— Dataset —
──────────

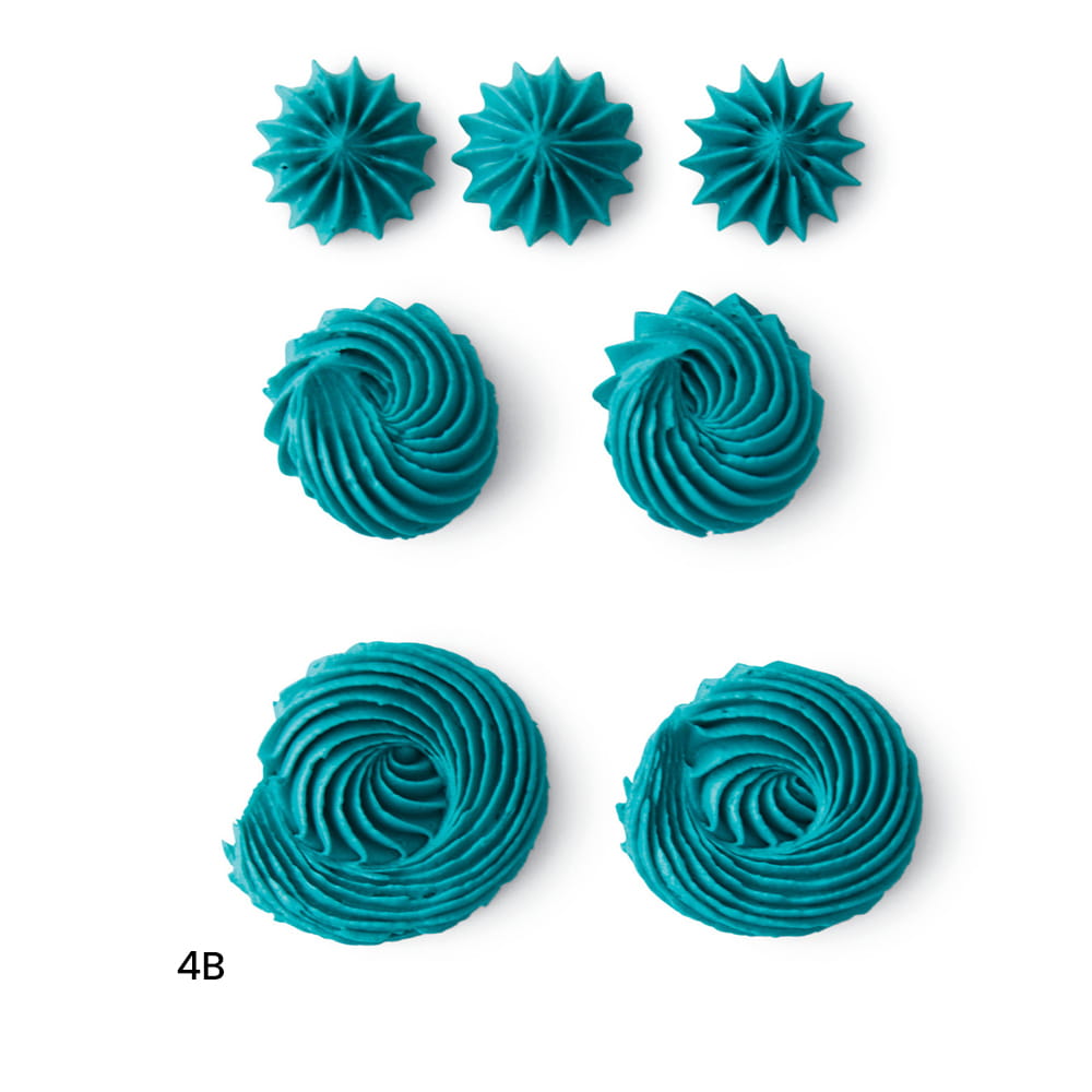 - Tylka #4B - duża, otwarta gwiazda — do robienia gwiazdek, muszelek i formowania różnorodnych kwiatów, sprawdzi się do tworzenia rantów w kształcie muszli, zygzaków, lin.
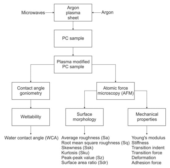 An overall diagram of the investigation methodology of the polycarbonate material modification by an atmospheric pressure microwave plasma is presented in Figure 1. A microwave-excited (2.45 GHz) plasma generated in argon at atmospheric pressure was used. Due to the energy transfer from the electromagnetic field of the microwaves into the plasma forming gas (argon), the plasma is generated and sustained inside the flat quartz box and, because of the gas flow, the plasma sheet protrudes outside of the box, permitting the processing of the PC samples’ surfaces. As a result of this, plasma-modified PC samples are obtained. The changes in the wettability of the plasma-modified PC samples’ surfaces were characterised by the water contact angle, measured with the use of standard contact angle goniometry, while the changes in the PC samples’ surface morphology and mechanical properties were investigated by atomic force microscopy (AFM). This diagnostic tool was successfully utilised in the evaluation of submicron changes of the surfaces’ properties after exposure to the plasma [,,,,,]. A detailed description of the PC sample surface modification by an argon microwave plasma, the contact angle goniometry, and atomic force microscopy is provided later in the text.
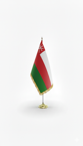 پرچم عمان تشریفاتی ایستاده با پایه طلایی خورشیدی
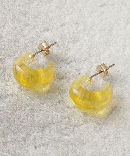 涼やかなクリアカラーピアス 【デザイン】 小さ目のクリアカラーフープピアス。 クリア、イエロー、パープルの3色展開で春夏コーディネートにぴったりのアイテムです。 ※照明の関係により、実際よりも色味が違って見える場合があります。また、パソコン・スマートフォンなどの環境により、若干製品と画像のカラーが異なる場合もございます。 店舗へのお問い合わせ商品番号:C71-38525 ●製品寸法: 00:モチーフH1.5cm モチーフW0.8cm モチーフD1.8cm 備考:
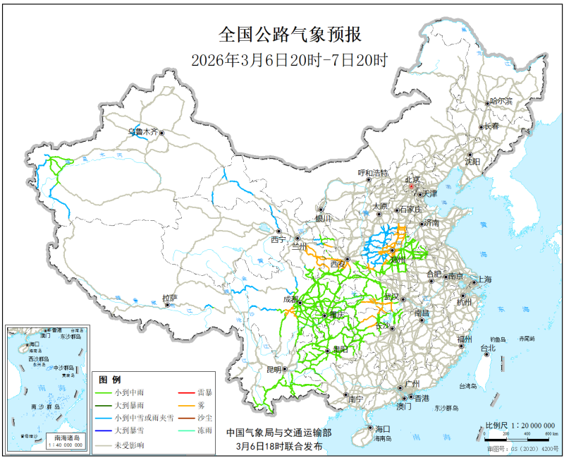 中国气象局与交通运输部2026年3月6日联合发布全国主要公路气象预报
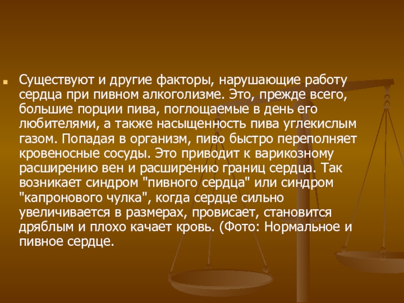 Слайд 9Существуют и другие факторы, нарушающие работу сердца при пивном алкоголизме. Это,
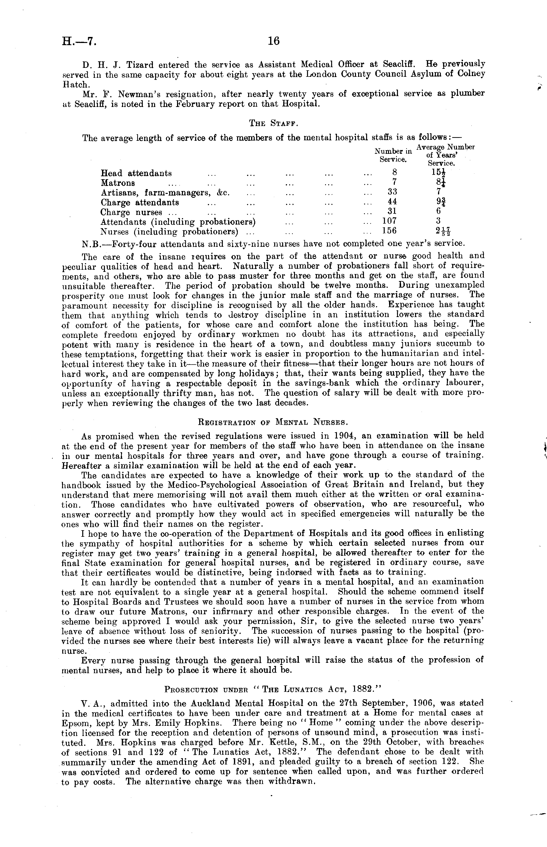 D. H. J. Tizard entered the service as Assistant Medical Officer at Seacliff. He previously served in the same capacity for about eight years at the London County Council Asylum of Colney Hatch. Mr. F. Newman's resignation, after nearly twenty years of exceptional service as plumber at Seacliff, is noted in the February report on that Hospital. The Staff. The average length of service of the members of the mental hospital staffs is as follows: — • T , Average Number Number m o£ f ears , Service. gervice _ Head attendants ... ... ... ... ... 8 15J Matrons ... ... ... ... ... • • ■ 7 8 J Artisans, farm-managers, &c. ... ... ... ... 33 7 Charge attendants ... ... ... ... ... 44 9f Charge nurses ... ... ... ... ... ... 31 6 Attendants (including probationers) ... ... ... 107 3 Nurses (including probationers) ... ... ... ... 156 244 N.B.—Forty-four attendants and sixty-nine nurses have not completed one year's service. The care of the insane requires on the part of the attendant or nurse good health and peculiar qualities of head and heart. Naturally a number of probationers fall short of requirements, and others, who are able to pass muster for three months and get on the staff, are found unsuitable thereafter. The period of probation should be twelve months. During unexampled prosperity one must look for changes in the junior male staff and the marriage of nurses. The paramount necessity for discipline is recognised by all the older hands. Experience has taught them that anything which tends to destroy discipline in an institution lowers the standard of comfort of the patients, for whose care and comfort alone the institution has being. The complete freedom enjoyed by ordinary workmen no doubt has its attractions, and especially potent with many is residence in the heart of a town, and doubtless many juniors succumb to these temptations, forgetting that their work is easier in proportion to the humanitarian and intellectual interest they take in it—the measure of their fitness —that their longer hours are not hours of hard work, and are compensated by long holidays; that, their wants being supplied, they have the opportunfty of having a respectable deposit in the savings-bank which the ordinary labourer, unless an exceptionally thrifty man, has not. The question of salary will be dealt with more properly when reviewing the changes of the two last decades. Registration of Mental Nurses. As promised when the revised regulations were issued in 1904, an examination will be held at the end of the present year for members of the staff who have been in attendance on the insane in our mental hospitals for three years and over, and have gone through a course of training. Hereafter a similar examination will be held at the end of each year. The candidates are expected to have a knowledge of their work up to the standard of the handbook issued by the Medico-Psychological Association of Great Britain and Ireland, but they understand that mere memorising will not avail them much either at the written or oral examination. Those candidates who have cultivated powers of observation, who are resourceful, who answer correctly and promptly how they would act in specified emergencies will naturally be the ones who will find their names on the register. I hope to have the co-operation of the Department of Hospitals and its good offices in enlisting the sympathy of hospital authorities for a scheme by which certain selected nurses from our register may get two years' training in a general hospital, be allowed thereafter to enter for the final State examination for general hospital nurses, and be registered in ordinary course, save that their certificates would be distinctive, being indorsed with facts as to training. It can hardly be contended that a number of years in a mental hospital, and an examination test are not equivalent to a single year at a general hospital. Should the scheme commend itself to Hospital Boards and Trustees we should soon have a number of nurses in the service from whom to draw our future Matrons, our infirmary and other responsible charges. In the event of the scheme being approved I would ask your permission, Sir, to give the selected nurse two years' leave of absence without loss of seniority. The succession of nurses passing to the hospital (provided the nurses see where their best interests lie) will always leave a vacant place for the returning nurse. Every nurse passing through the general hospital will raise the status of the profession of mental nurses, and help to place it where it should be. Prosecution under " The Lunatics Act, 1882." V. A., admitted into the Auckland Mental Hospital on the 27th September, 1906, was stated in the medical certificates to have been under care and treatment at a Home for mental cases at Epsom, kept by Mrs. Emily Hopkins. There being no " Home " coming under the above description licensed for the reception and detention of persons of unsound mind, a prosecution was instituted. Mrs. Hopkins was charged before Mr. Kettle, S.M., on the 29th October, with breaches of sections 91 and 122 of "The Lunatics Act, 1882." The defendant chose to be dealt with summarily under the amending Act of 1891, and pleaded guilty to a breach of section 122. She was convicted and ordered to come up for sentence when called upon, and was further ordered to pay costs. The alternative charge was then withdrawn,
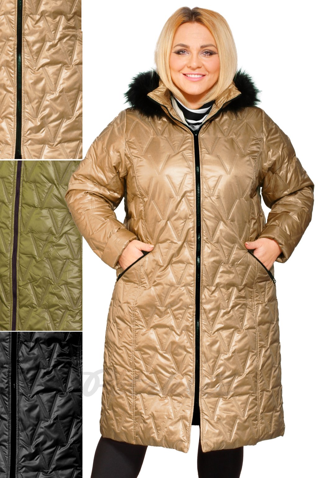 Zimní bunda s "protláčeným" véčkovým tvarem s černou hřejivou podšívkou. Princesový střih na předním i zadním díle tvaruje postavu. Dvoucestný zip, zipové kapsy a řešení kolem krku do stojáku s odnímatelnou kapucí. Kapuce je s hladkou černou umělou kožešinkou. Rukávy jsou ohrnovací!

──────────

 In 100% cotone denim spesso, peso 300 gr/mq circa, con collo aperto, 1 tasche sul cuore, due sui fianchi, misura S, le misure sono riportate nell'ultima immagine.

──────────

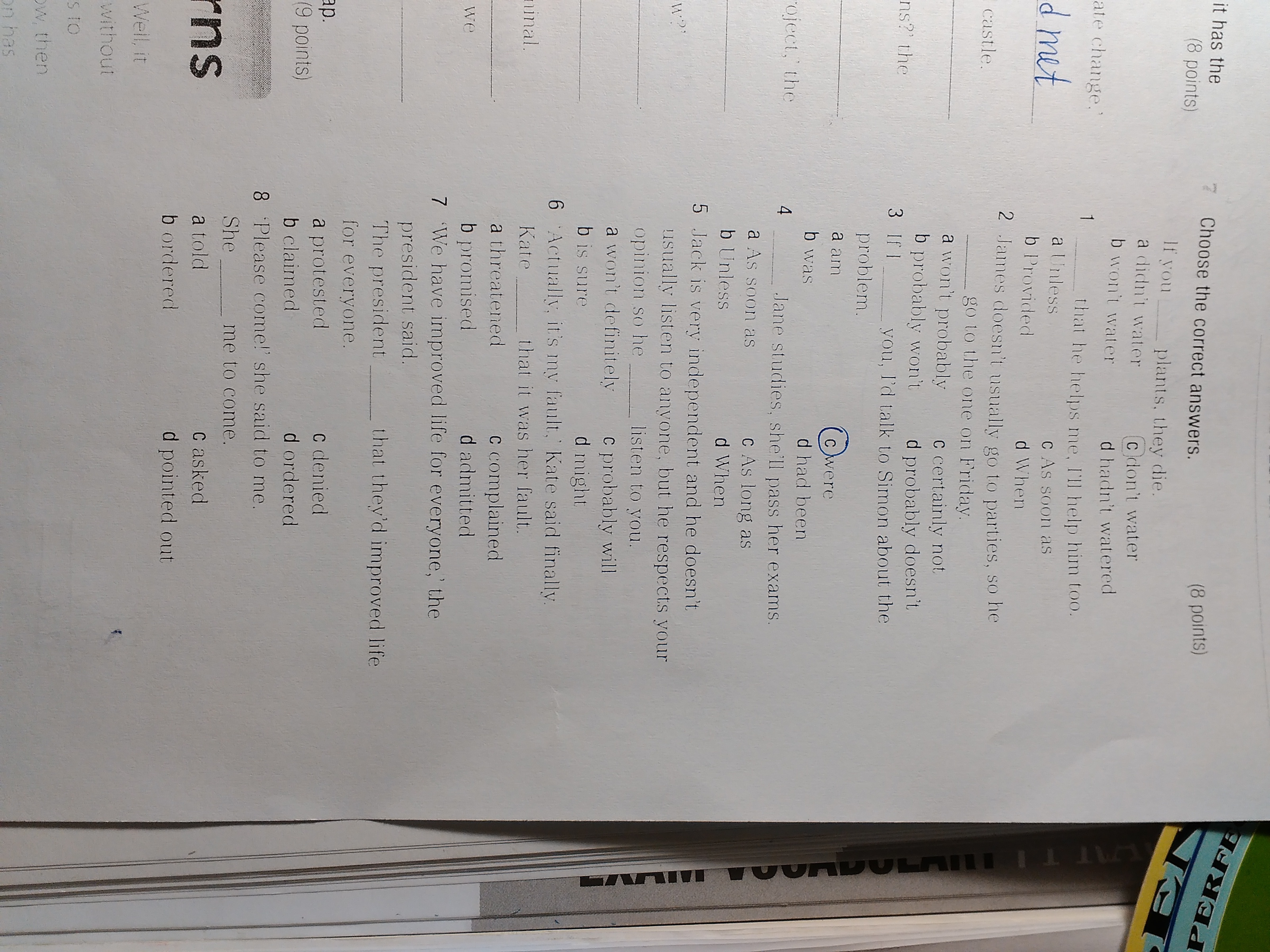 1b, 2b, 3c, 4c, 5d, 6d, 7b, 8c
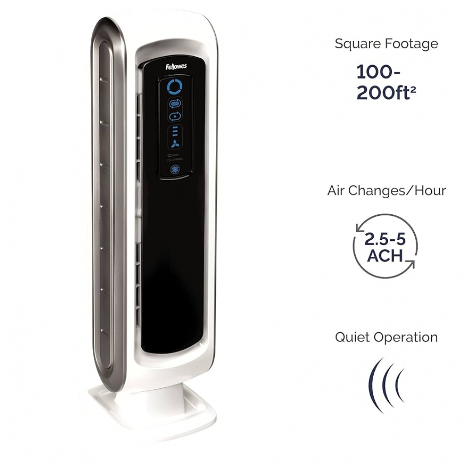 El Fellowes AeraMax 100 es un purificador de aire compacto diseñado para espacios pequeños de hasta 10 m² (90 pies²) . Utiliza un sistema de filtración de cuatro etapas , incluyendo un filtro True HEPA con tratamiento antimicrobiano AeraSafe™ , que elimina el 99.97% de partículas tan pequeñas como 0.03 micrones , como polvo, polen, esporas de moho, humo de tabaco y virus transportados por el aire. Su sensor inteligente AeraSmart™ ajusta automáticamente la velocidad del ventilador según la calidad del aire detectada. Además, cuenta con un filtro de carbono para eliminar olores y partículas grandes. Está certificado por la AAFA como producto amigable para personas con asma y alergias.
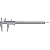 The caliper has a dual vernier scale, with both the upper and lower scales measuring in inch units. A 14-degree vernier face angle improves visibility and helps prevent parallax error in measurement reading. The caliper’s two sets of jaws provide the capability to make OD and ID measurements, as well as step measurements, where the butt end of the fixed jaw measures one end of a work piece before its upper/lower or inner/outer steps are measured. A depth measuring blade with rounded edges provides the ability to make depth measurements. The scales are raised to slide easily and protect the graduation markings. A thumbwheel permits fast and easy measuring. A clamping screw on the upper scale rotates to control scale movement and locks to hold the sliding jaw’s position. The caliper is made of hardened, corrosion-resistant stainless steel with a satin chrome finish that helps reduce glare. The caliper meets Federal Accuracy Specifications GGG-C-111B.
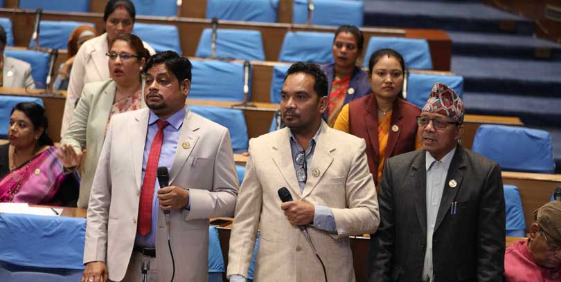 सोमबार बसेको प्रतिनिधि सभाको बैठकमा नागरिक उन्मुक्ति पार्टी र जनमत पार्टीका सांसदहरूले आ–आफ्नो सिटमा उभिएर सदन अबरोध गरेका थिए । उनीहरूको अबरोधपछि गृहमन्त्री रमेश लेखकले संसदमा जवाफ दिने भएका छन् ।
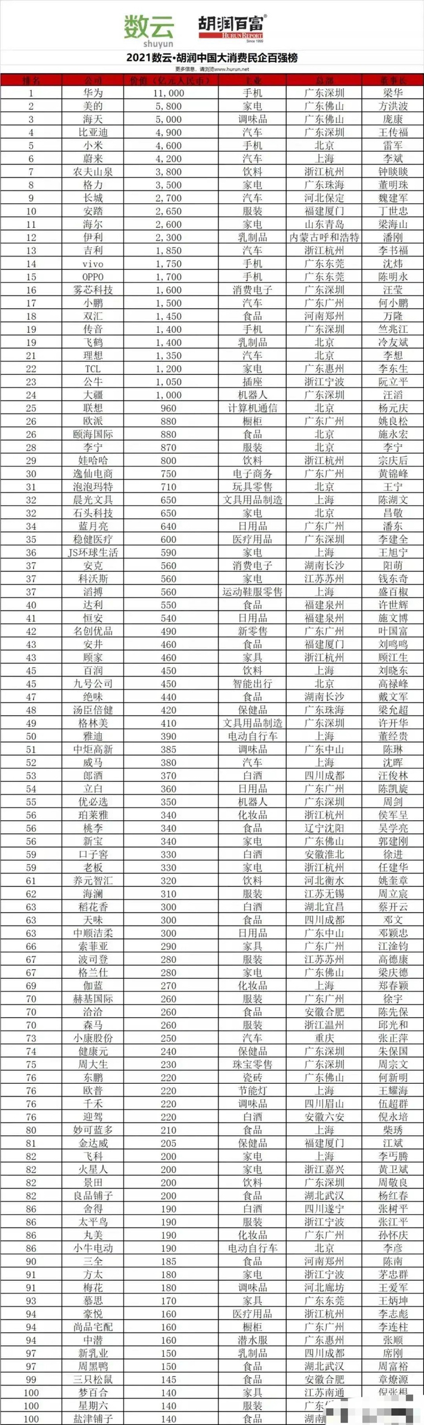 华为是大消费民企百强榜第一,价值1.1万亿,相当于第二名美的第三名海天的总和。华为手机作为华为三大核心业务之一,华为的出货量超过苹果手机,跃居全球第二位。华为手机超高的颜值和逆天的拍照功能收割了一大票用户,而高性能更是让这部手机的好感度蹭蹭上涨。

──────────

— The task —
In the listing above, find the line containing "- Tylka #4B" and the line containing "中国气象局与交通运输部2026年3月6日联合发布全国主要公路气象预报", then print exactly those two lines and every line between them, minus the pictures.

— Answer for this exercise —
 - Tylka #4B - duża, otwarta gwiazda — do robienia gwiazdek, muszelek i formowania różnorodnych kwiatów, sprawdzi się do tworzenia rantów w kształcie muszli, zygzaków, lin.
 An overall diagram of the investigation methodology of the polycarbonate material modification by an atmospheric pressure microwave plasma is presented in Figure 1. A microwave-excited (2.45 GHz) plasma generated in argon at atmospheric pressure was used. Due to the energy transfer from the electromagnetic field of the microwaves into the plasma forming gas (argon), the plasma is generated and sustained inside the flat quartz box and, because of the gas flow, the plasma sheet protrudes outside of the box, permitting the processing of the PC samples’ surfaces. As a result of this, plasma-modified PC samples are obtained. The changes in the wettability of the plasma-modified PC samples’ surfaces were characterised by the water contact angle, measured with the use of standard contact angle goniometry, while the changes in the PC samples’ surface morphology and mechanical properties were investigated by atomic force microscopy (AFM). This diagnostic tool was successfully utilised in the evaluation of submicron changes of the surfaces’ properties after exposure to the plasma [,,,,,]. A detailed description of the PC sample surface modification by an argon microwave plasma, the contact angle goniometry, and atomic force microscopy is provided later in the text.
 پرچم عمان تشریفاتی ایستاده با پایه طلایی خورشیدی
 涼やかなクリアカラーピアス 【デザイン】 小さ目のクリアカラーフープピアス。 クリア、イエロー、パープルの3色展開で春夏コーディネートにぴったりのアイテムです。 ※照明の関係により、実際よりも色味が違って見える場合があります。また、パソコン・スマートフォンなどの環境により、若干製品と画像のカラーが異なる場合もございます。 店舗へのお問い合わせ商品番号:C71-38525 ●製品寸法: 00:モチーフH1.5cm モチーフW0.8cm モチーフD1.8cm 備考:
 中国气象局与交通运输部2026年3月6日联合发布全国主要公路气象预报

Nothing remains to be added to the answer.